# Bellator 39 - Lyman Good Vs. Rick Hawn



## kedbecker (Apr 8, 2011)

a pretty good example of the problem of the scoring system.

the scoring system forces the judges to pick a winner (for each round, and for the whole fight). so it's enough that a fighter would just be a little better than the other to win the round.

and that's what both fighters did. in the second round Rick Hawn took Good down and held him there. did no damage, and didn't try to do a lot either. just focused on keeping him down, winning the round.

in the third round Good was afraid Hawn would pull another take down so he tried playing it very safe, keeping his distance from Hawn, not once risking himself by trying to land big punches. The small punches that he did land did no damage at all, but they scored, and he hoped it would be enough to win the round, and maybe the fight (and one judge scored exactly that so he didn't miscalculate).

so by using the scoring system and focusing on the win both fighters fought a very safe fight not taking chances, not trying to finish, hoping they will score just enough to win, not concentrating or even pursuing damage, making for not a very exciting fight.

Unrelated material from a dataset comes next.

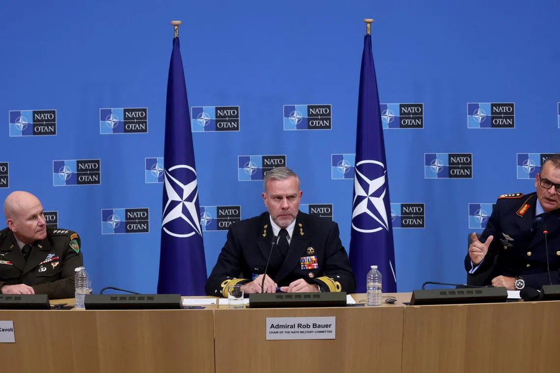 (From left) Nato's supreme allied commander in Europe, General Christopher Cavoli; Nato's military committee chairman Rob Bauer; and Nato's deputy supreme allied commander (transformation) Chris Badia at a press conference in Brussels on Jan 18.

one more thing, this fight was an obvious draw (like many fights today because many play this same game of trying to use the scoring system instead of winning conclusively). there was no damage. no control. almost no punches landed. giving this fight to either fighter is missing the truth of this fight. out of a 1000 people probably 500 would give it to each fighter. forcing judges to choose a winner for each round even when there is obviously no winner is not only like promoting a lie. it also promotes boring fights.


----------



## KingJo (Apr 21, 2011)

rick hawn will win the tourney


----------